All of the data below should be printed again word for word, pictures excluded.

> Dataset section:
.....

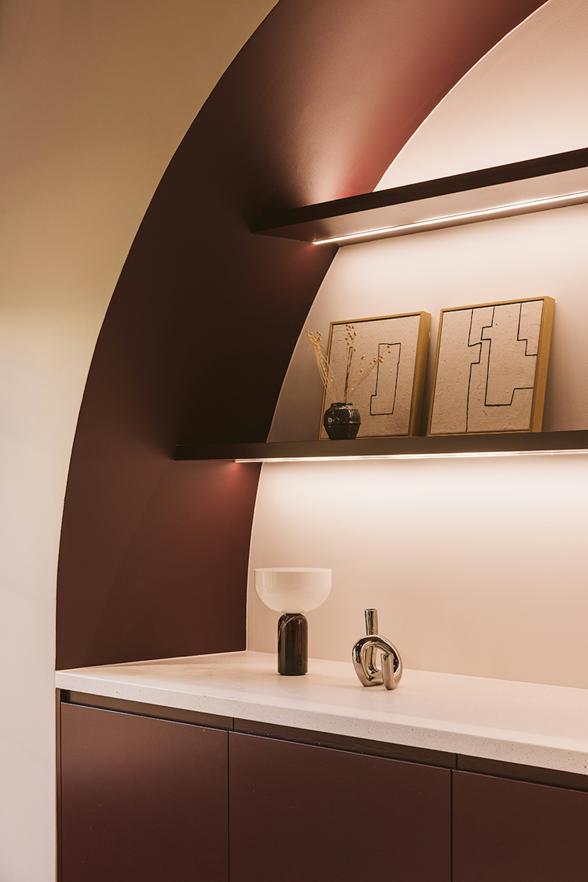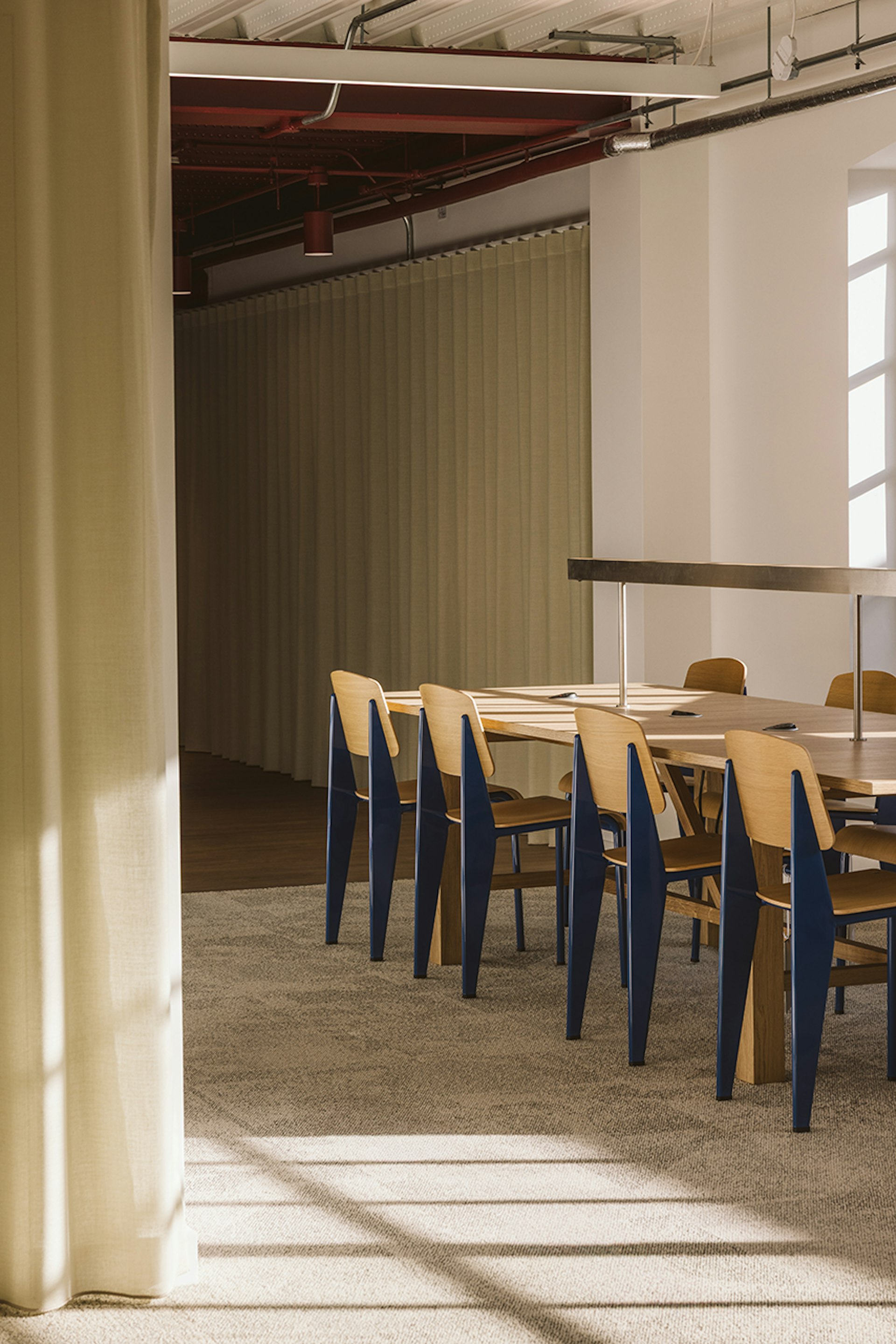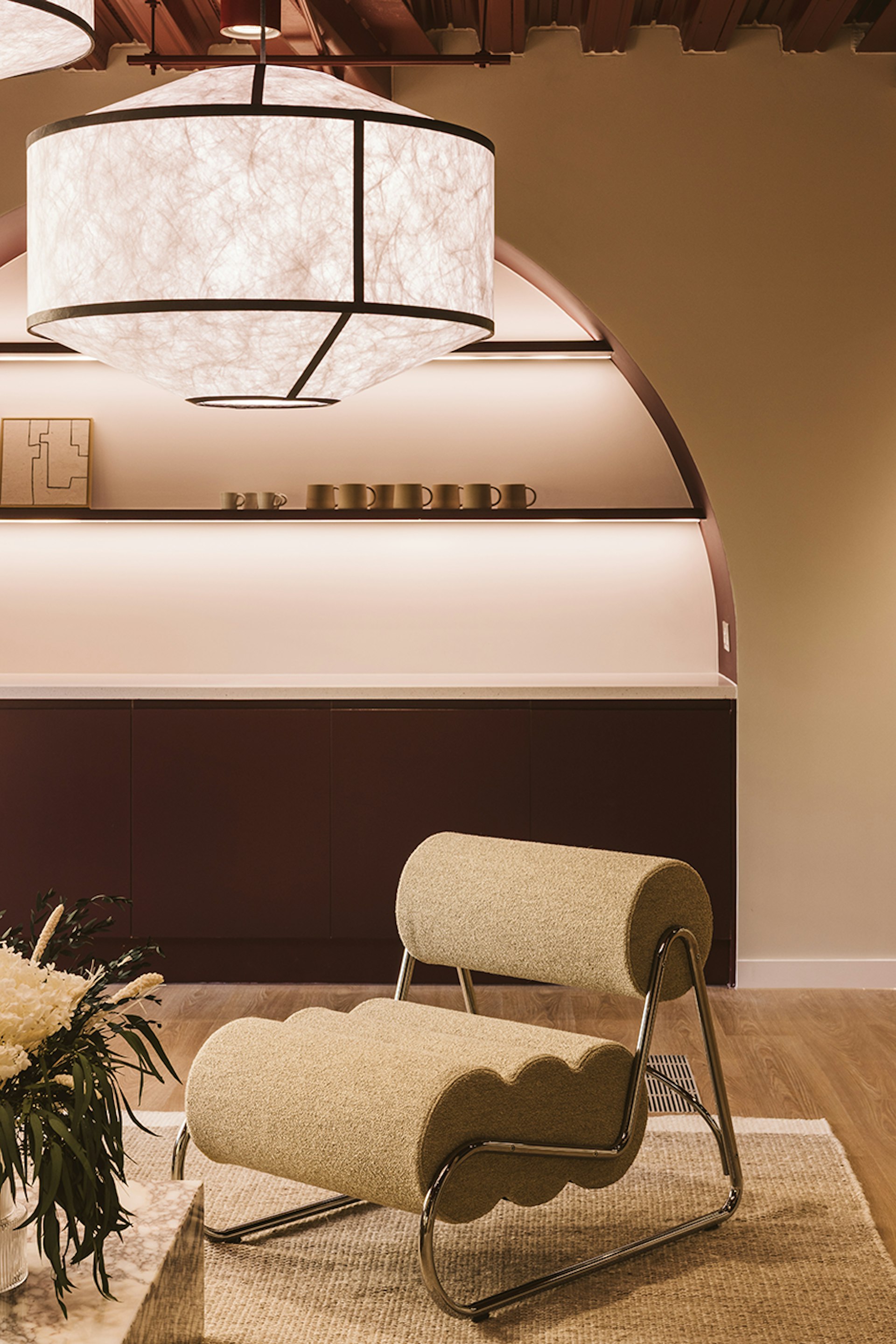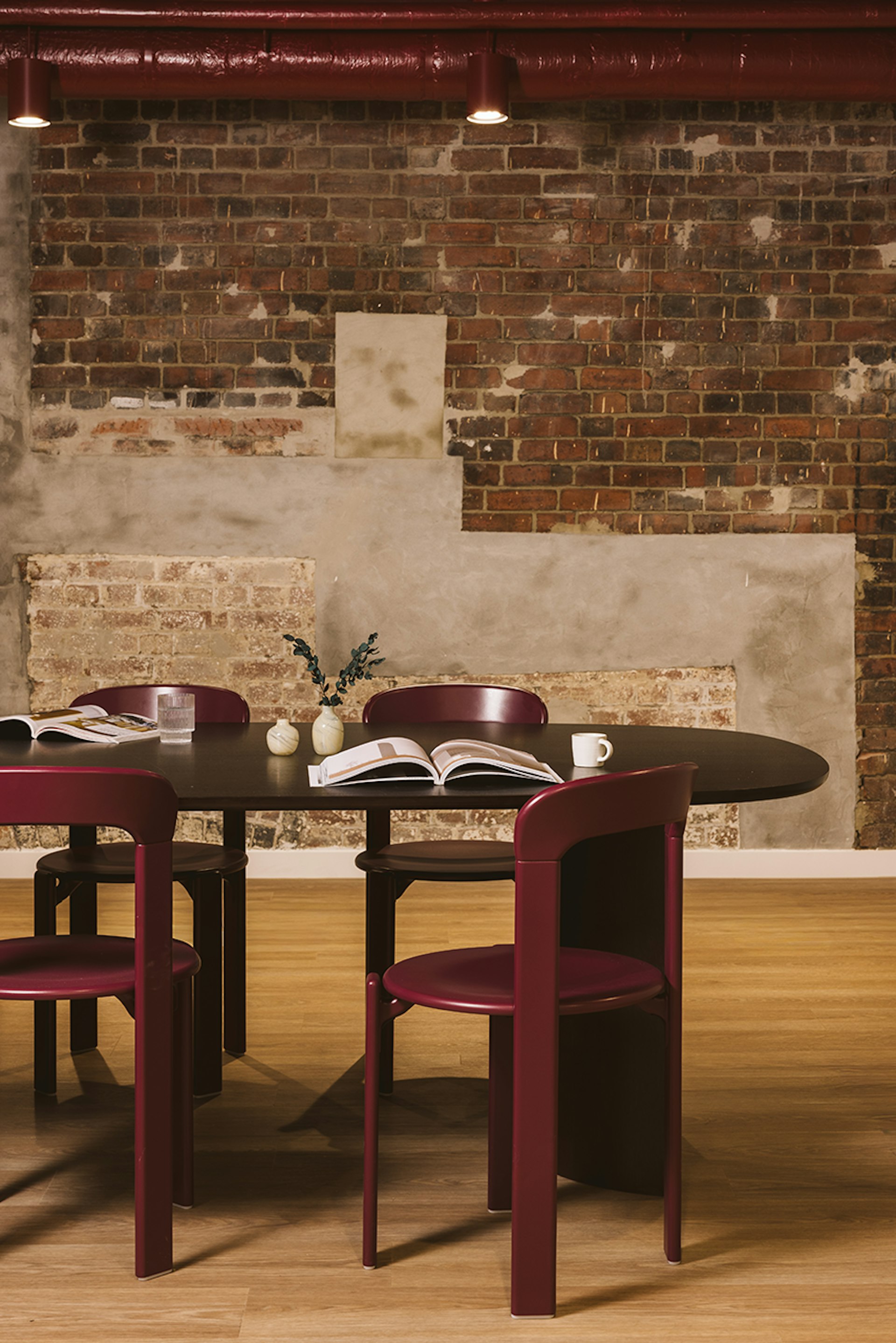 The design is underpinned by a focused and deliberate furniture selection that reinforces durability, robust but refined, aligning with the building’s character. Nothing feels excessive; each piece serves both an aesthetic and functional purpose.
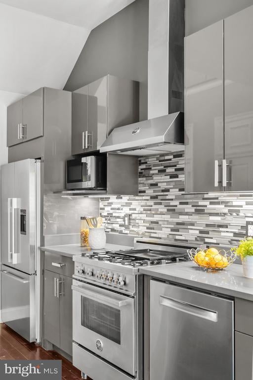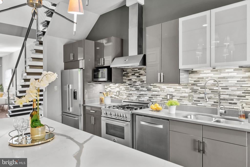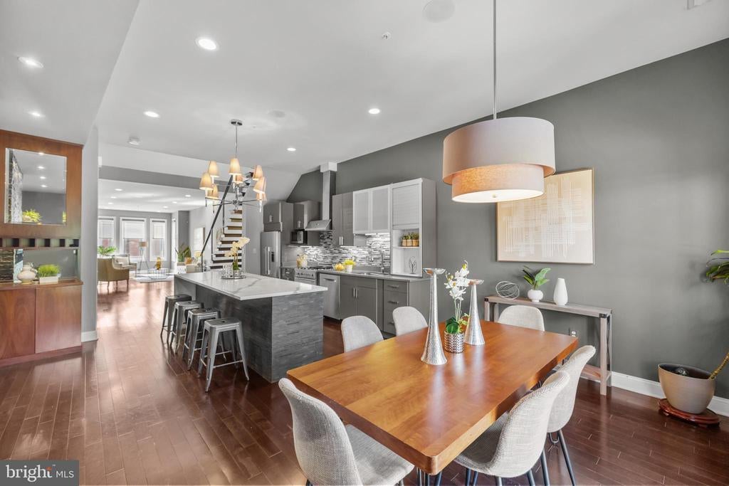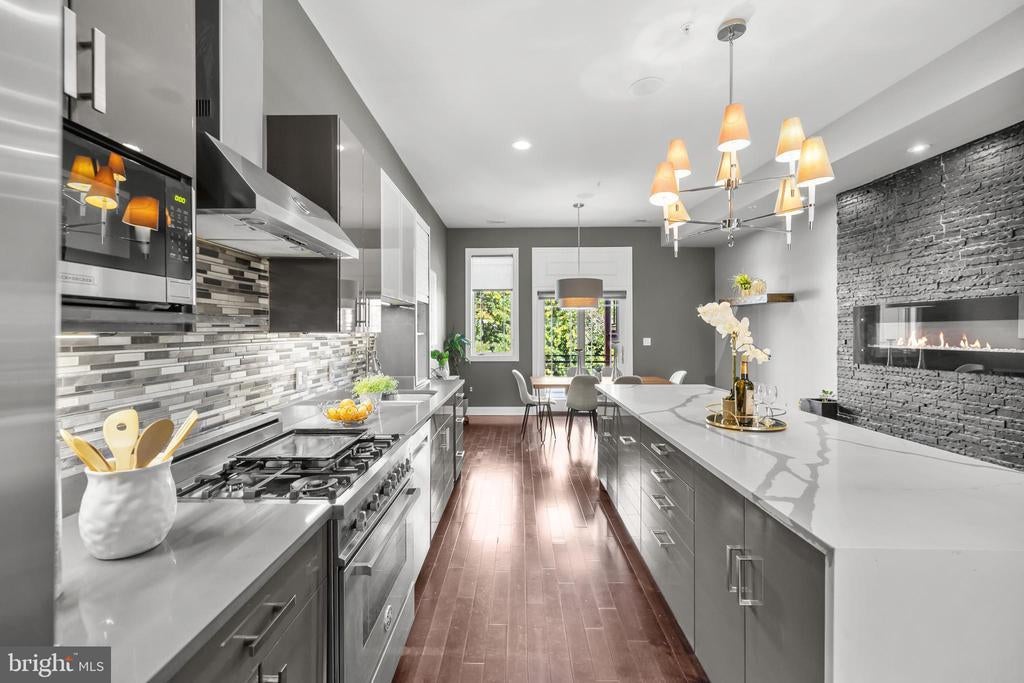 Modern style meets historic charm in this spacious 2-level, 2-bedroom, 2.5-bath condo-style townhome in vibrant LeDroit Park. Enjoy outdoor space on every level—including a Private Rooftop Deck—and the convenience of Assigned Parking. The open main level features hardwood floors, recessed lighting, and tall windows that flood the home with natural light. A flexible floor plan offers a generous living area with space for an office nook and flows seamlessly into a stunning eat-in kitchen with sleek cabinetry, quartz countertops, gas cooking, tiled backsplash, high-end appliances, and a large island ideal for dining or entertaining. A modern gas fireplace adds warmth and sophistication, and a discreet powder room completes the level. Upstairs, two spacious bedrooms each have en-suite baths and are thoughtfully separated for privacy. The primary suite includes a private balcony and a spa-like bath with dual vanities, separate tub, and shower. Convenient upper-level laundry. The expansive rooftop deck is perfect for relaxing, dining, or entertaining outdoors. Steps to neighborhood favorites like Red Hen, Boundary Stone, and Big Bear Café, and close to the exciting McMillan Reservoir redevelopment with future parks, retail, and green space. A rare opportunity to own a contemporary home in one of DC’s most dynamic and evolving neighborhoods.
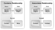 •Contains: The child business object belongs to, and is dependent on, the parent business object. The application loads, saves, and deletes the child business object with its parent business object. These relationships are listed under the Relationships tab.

.....

> Task solution:
 The design is underpinned by a focused and deliberate furniture selection that reinforces durability, robust but refined, aligning with the building’s character. Nothing feels excessive; each piece serves both an aesthetic and functional purpose.
 Modern style meets historic charm in this spacious 2-level, 2-bedroom, 2.5-bath condo-style townhome in vibrant LeDroit Park. Enjoy outdoor space on every level—including a Private Rooftop Deck—and the convenience of Assigned Parking. The open main level features hardwood floors, recessed lighting, and tall windows that flood the home with natural light. A flexible floor plan offers a generous living area with space for an office nook and flows seamlessly into a stunning eat-in kitchen with sleek cabinetry, quartz countertops, gas cooking, tiled backsplash, high-end appliances, and a large island ideal for dining or entertaining. A modern gas fireplace adds warmth and sophistication, and a discreet powder room completes the level. Upstairs, two spacious bedrooms each have en-suite baths and are thoughtfully separated for privacy. The primary suite includes a private balcony and a spa-like bath with dual vanities, separate tub, and shower. Convenient upper-level laundry. The expansive rooftop deck is perfect for relaxing, dining, or entertaining outdoors. Steps to neighborhood favorites like Red Hen, Boundary Stone, and Big Bear Café, and close to the exciting McMillan Reservoir redevelopment with future parks, retail, and green space. A rare opportunity to own a contemporary home in one of DC’s most dynamic and evolving neighborhoods.
 •Contains: The child business object belongs to, and is dependent on, the parent business object. The application loads, saves, and deletes the child business object with its parent business object. These relationships are listed under the Relationships tab.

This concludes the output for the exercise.